Pendekatan yang dipergunakan dalam melakukan perbandingan hukum bila dilihat dari objek studi perbandingan hukum ada 2 (dua) macam yaitu perbandingan hukum substantif, dan perbandingan infrastruktur hukum. Dalam penulisan hukum ini penulis menggunakan pendekatan perbandingan hukum substantif yaitu dengan memperbandingkan antara 2 (dua) atau lebih dari hukum substantif. Perbandingan hukum substantif yang dipakai adalah dengan membandingkan hukum pidana dari masing- masing negara objek penelitian yaitu Indonesia dengan Malaysia.
2. Jenis Bahan Hukum
Dalam penulisan penelitian hukum ini penulis menggunakan tiga macam bahan hukum, yaitu :
a. Bahan Hukum Primer
Bahan hukum primer yang digunakan dalam penulisan ini berupa perundang-undangan yang berkaitan dengan permasalahan, yaitu :
1. KUHP 2. RUU KUHP
12 3. Laws Of Malaysia Syariah Criminal Offences
4. Kanun Jenayah Syariah Negeri Kelantan b.
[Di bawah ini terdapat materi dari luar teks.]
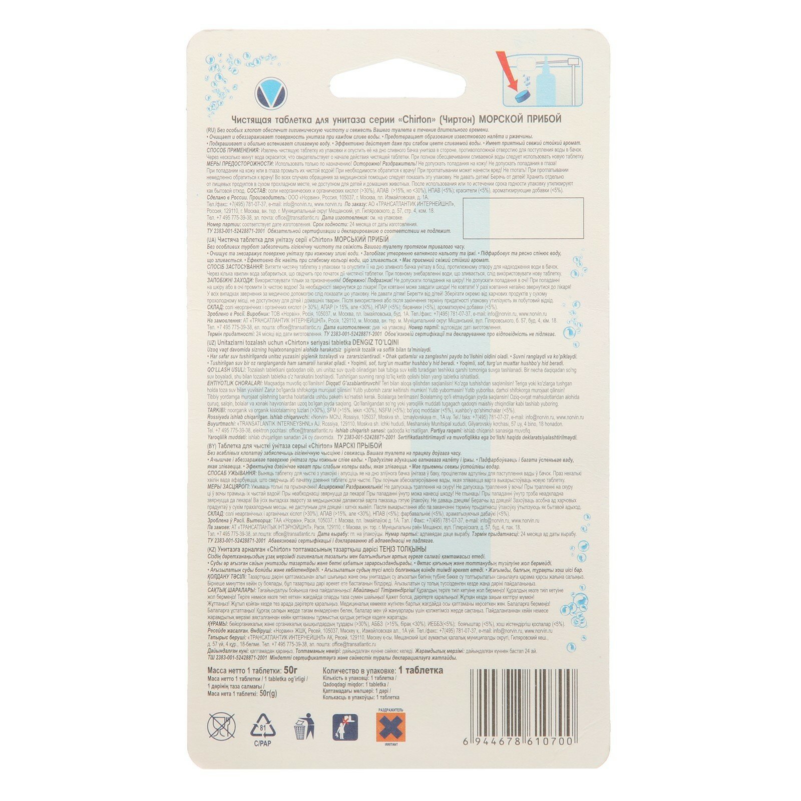 Таблетка д/унитаза чиртон 50г Море
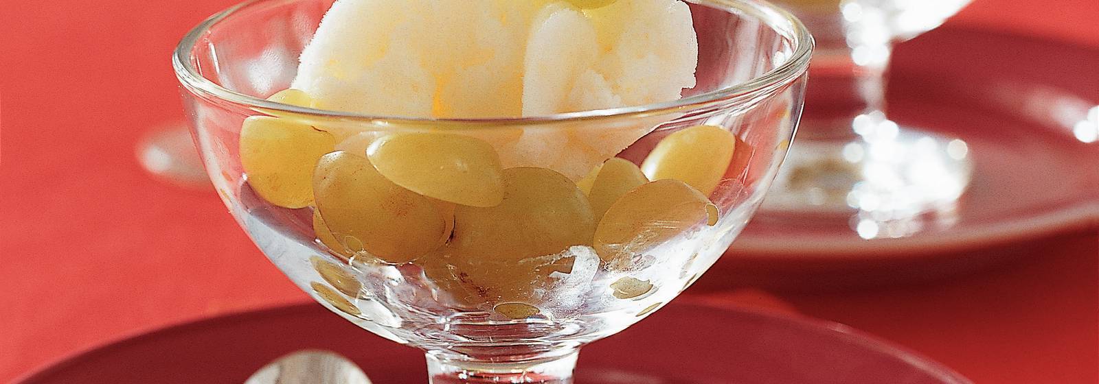 Laver et couper les raisins en deux. Divisez la moitié en quatre sections. Ajoutez de la crème glacée absorbante avec une cuillère à crème glacée ou trempez-la à la cuillère dans de l'eau tiède. Décorer avec le reste des raisins.
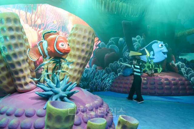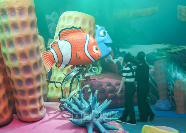 7일 서울 성동구 성수문화예술마당에서 열린 '문도 픽사: 픽사, 상상의 세계로' 전시 언론 공개 행사에서 관계자들이 체험공간을 소개하고 있다.
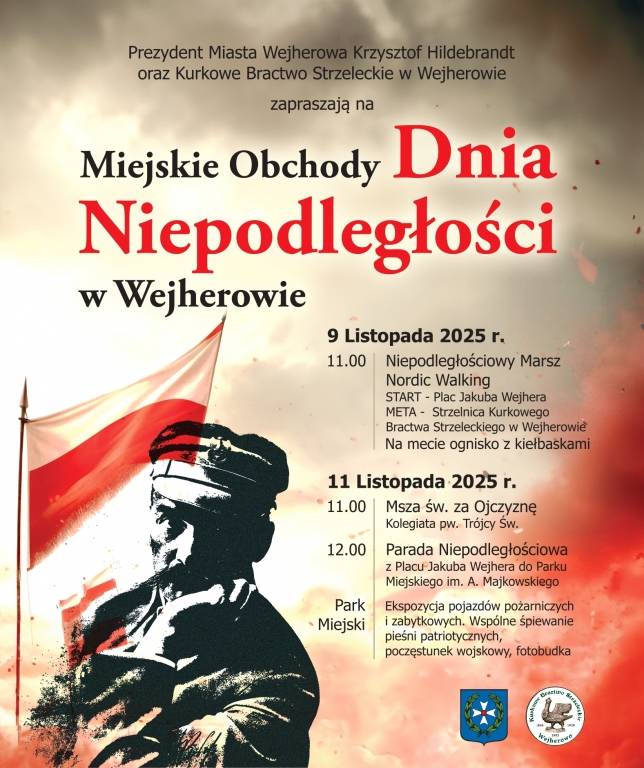11 listopada - główne obchody Święta Niepodległości w Wejherowie. Rozpocznie je o godz. 11.00 msza św. w Kolegiacie pw. Św. Trójcy w intencji Ojczyzny. O godz. 12.00 Parada Niepodległościowa wyruszy z Placu Jakuba Wejhera do Parku Miejskiego, gdzie wspólnie zaśpiewamy Hymn Polski oraz pieśni patriotyczne. Tego dnia będzie można obejrzeć pojazdy pożarnicze i zabytkowe, będzie także wojskowy poczęstunek i fotobudka.  W programie uroczystości przewidziano także występ zespołu PółSerio.
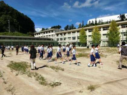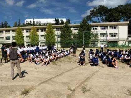 今年度2回目となる今回は、地震が放課の時間帯に起きたという想定で実施しました。生徒たちは、教室以外の場所でも、落ち着いて、身を守る行動ができました。
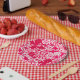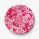 Paper plates in a vintage William Morris floral print of stylised lilies and Irises, digitally enhanced and coloured, in shades of light to deep fuchsia pink and deep wine red on a white background
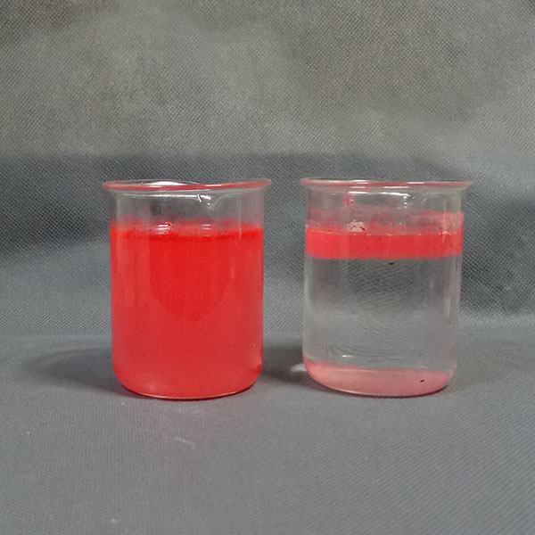 漆雾凝聚剂B剂为凝聚、悬浮的作用,能够对已经被A剂分解的油漆渣和漆渣之间连接起来,较为快速的凝聚悬浮在循环水的表面上,将漆渣颗粒进行凝聚成大块,形成较大的漆渣絮状物质并且上浮,产生固液分离的效果,保持循环水干净,从而延长循环水的使用周期。
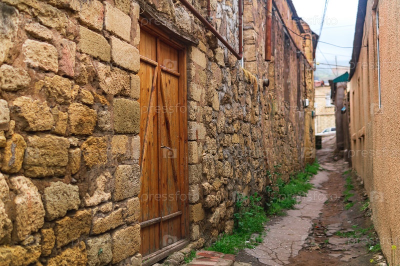 Дверь в узком переулке между домами в махаллях Дербента в историческом центре города
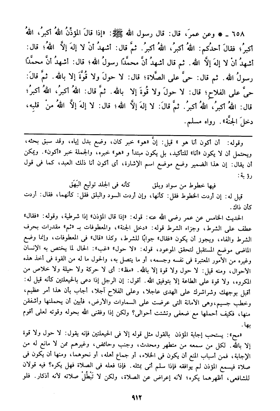 الحديث الخامس عن عمر رضي الله عنه: قوله: ((إذا قال المؤذن)) إذا شرطية، وقوله: ((فقال)) عطف علي الشرط، وجزاء الشرط قوله: ((دخل الجنة))، والمعطوفات بـ ((ثم)) مقدرات بحرف الشرط والفاء، ويجوز أن يكون ((فقال)) جواباً للشرط، وكذا ((قال)) في المعطوفات، وإنما وضع الماضي موضع المستقبل لتحقيق الموعود، قوله: ((لا حول)) ((غب)): الحال لما يختص به الإنسان وغيره من الأمور المعتبرة في نفسه وجسمه، أو ما يتصل به، والحول ما له من القوة في أخذ هذه الأحوال، ومنه قيل: لا حول ولا قوة إلا بالله. ((مظ)): أي لا حركة ولا حيلة ولا خلاص من المكروه، ولا قوة علي الطاعة إلا بتوفيق الله. أقول: إن الرجل إذا دعى بالحيعلتين كأنه قيل له: أقبل بوجهك وشراشرك علي الهدى عاجلاً، وعلي الفلاح آجلاً، أجاب بأن هذا أمر عظيم، وخطب جسيم، وهي الأمانة التي عرضت علي السماوات والأرض، فأبين أن يحملنها وأشفقن منها، فكيف أحملها مع ضعفي وتشتت أحوالي؟ ولكن إذا وفقني الله بحوله وقوته لعلي أقوم بها.
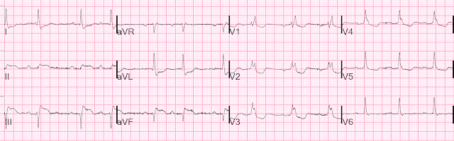 Скорая доставила мужчину за 40, с жалобами на интенсивные давящие боли в нижней части грудины, четко не связанные с физической нагрузкой, возникшие около 2-х часов назад и "плохой ЭКГ" (она представлена далее).Прикроватное Эхо дискинезов не выявило, тропонины и ферменты оказались негативными. Несмотря на инфузию нитратов и анальгетики, боль, хоть и несколько стихла, но сохранялась:
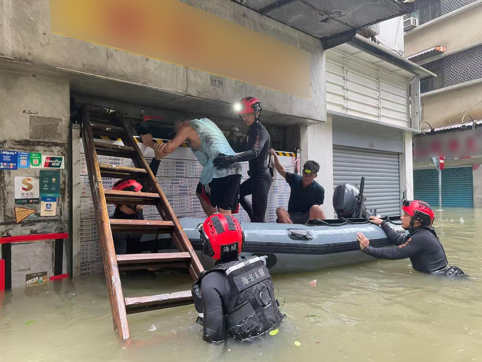 澳門海關人員拯救受水浸威脅的市民到達安全地點
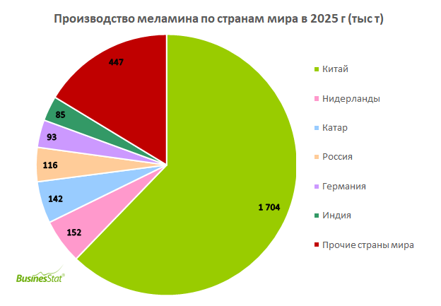 По данным «Анализа мирового рынка меламина», подготовленного BusinesStat в 2026 г, в 2025 г его производство в мире выросло на 3% и достигло 2 740 тыс т.

Bahan Hukum Sekunder
Bahan hukum sekunder dalam penelitian ini berupa bahan pustaka yang berisi pengetahuan ilmiah tentang hukum ataupun pengetahuan tentang fakta yang diketahui maupun gagasan yang berkaitan dengan penelitian ini. Bahan hukum sekunder ini bisa berupa buku, jurnal, artikel ilmiah, ataupun sumber-sumber lain baik cetak maupun online yang berhubungan untuk menyelesaikan permasalahan.
c. Bahan Hukum Tersier
Bahan hukum tersier merupakan bahan hukum penunjang untuk memberikan penjelasan terhadap bahan hukum primer dan sekunder. Bahan hukum tersier berupa kamus atau ensiklopedia hukum dan lain-lain yang berkaitan untuk menyelesaikan permasalahan.
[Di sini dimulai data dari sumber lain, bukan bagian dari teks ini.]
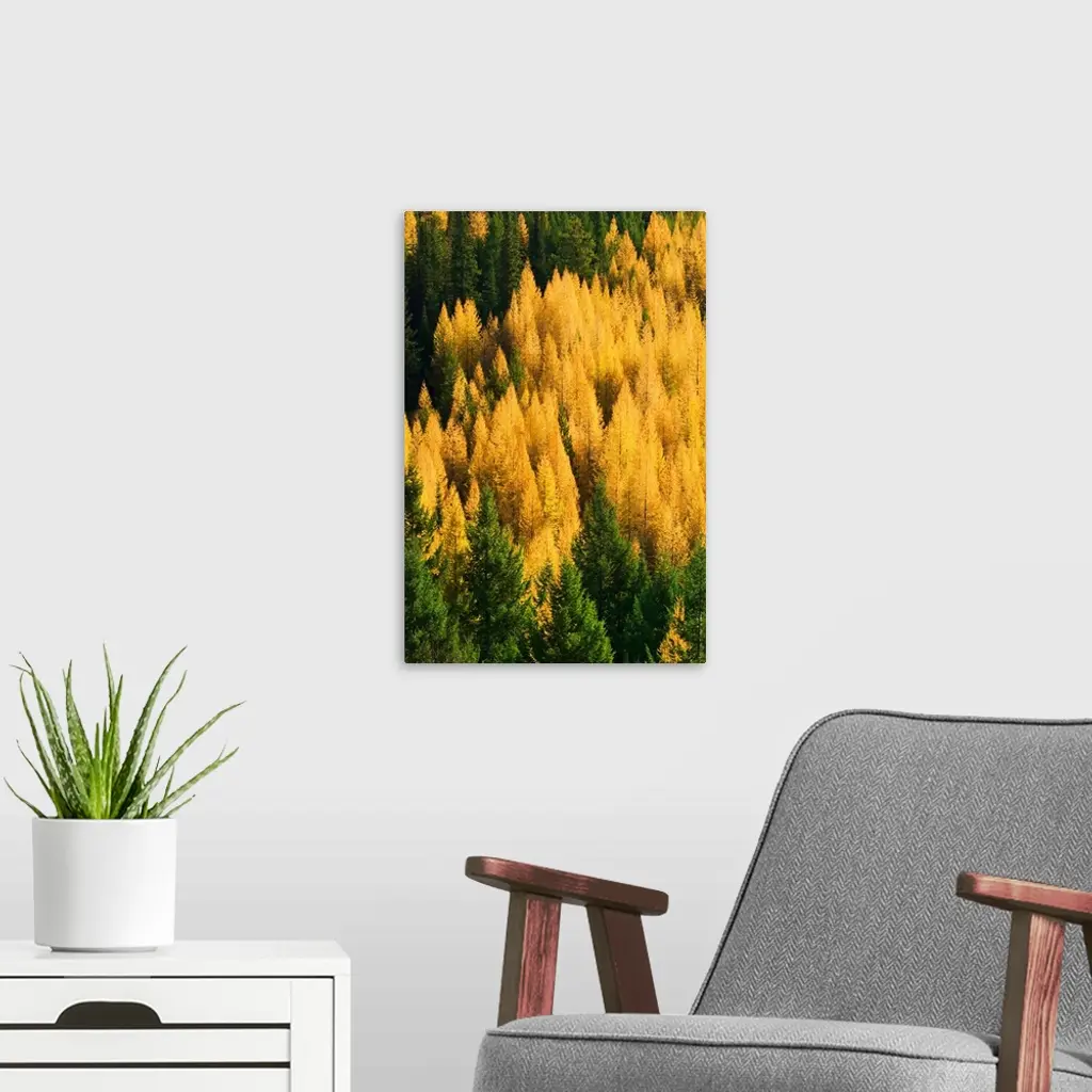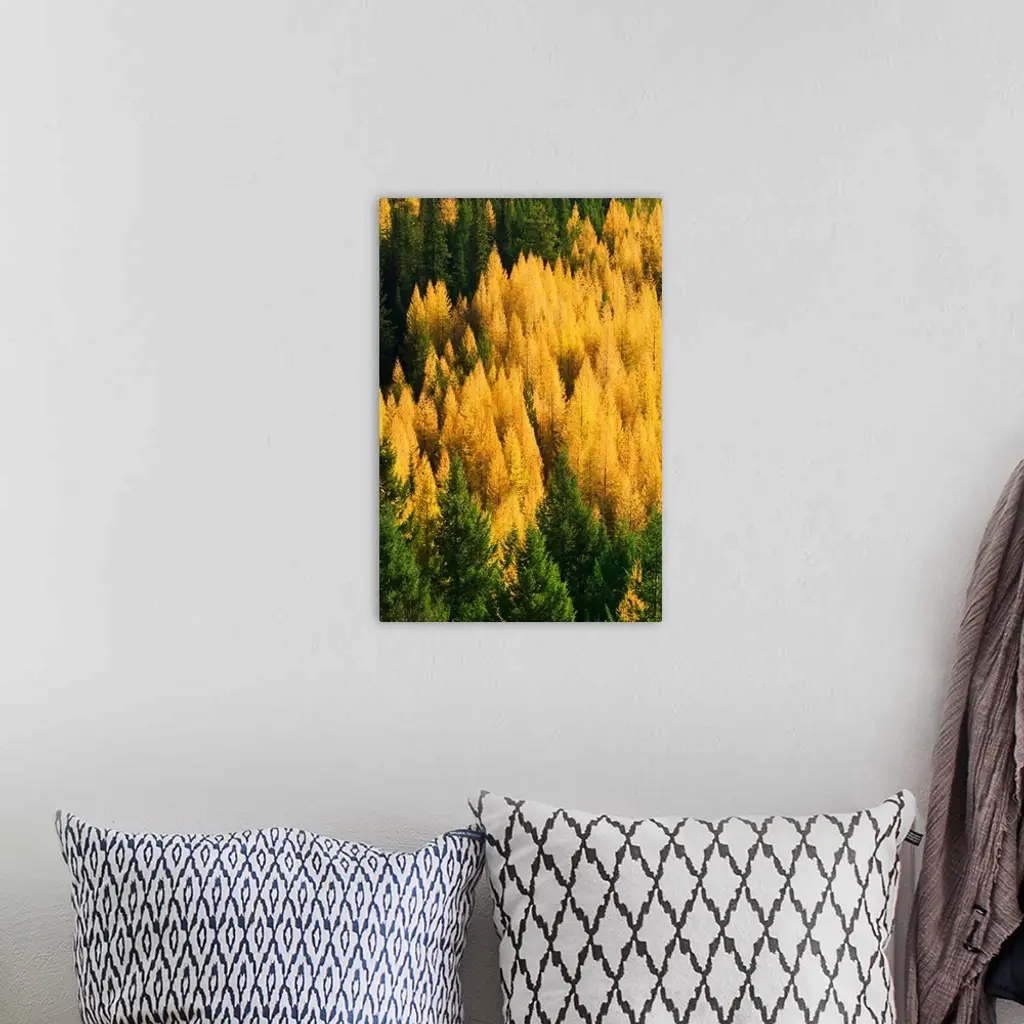 High angle view of autumn color larch trees in pine tree forest, Montana wall art for home and office decor. Discover canvas art prints, photos, mural, big canvas art and framed wall art in GreatBigCanvas.com's varied collections.
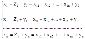 = – 1,135 Задание 3 Дайте определение коэффициентов прямых затрат. Где они могут быть использованы? Решение 1. Пусть народное хозяйство представлено n отраслями сферы материального производства. Каждая из отраслей производит один агрегированный продукт. Валовой выпуск этих продуктов отраслями обозначим x1 , x2 ,…, xn . Вся продукция xi отрасли i, i=1, 2,…, n, делится на промежуточную Zi и конечную yi . Промежуточную продукцию потребляют в процессе производства сами отрасли. Конечная продукция выходит из сферы материального производства и предназначается для непроизводственного потребления. На основе отчетных данных о деятельности отраслей за определенный период можно составить межотраслевой баланс. Обозначим xij – объем продукта i-й отрасли, используемый за отчетный период j-й отраслью. Если представить, как распределяется валовая продукция каждой отрасли по другим отраслям и в сфере потребления, то получится система балансовых уравнений.
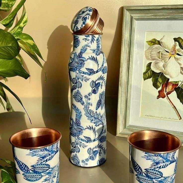Bouteille d'eau élégante en cuivre pur, faite à la main, 32 oz, avec un design élégant pour la maison et le bureau
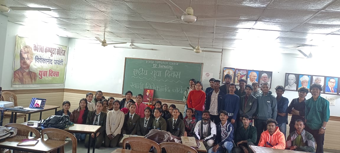 त्रिनेत्र टाइम्स कोरबा ****//** कोरबा शिक्षण समिति द्वारा संचालित एवं अटल बिहारी वाजपेई विश्वविद्यालय से संबद्ध कोरबा कंप्यूटर महाविद्यालय (केसीसी) में स्वामी विवेकानंद जयंती एवं राष्ट्रीय युवा दिवस बड़े ही उत्साह, गरिमा और प्रेरणादायी वातावरण में मनाया गया। इस अवसर पर विद्यार्थियों के सर्वांगीण विकास को ध्यान में रखते हुए पीपीटी प्रेजेंटेशन, भाषण, गीत एवं सांस्कृतिक प्रस्तुतियों का आयोजन किया गया।

5. Teknik Pengumpulan Bahan Hukum
Teknik pengumpulan bahan hukum yang dilakukan adalah model studi kepustakaan, yaitu pengkajian informasi cetak maupun online dari berbagai sumber yang dibutuhkan dalam penelitian normatif ini, penelitian yang didasari pada perundang-undangan yang dijadikan sebagai objek oleh penulis yang dikaji secara komprehensif dan
13 holistik yang kemudian disusun sebaik mungkin untuk menyelesaikan penulisan ini.
6. Teknik Analisa Bahan Hukum
Analisa bahan hukum dalam penelitian ini dilakukan secara deskriptif kualitatif, yakni pemilihan teori, asas, norma, doktrin dan pasal dalam perundang-undangan. Data yang sudah dianalisis kemudian diuraikan secara sistematis dan selanjutnya diseleksi dan diolah kemudian dinyatakan secara desktiptif sehingga selain menggambarkan dan mengungkapkan dasar hukumnya juga memberikan solusi dari permasalahan yang diangkat.
G. Sistematika Penulisan
Pada penulisan ini penulis menyajikan dalam empat bab yang terdiri dari sub sub bab, sistematika penulisan yang disajikan oleh penulis sebagai berikut :
BAB I : PENDAHULUAN
Pada bab 1 (satu) ini penulis memaparkan apa yang menjadi latar belakang pemilihan judul dan permasalahan yang diangkat oleh penulis dan menjadi pengantar untuk memahami hasil penulisan secara keseluruhan yang terdiri dari latar belakang, rumusan masalah, tujuan penulisan, manfaat penelitian, kegunaan penelitian, metode penlitian, dan sistematika penulisan.
14 BAB II : TINJAUAN PUSTAKA
Pada bab 2 (dua) ini menguraikan landasan teori yang digunakan oleh penulis untuk menguatkan argumen ataupun pendapat dalam menyelesaikan permasalahan, terdiri dari tindak pidana prostitusi, dan pembaharuan hukum pidana.
BAB III : HASIL PENELITIAN DAN PEMBAHASAN Pada bab 3 (tiga) ini penulis menguraikan jawaban terhadap permasalahan yang menjadi objek yang diteliti yaitu untuk mengetahui tindak pidana prostitusi dapat dikategorikan sebagai sebuah tindakan kriminal.
BAB IV : PENUTUP
Pada bab 4 (empat) ini berisikan kesimpulan dan saran dari hasil penelitian hukum.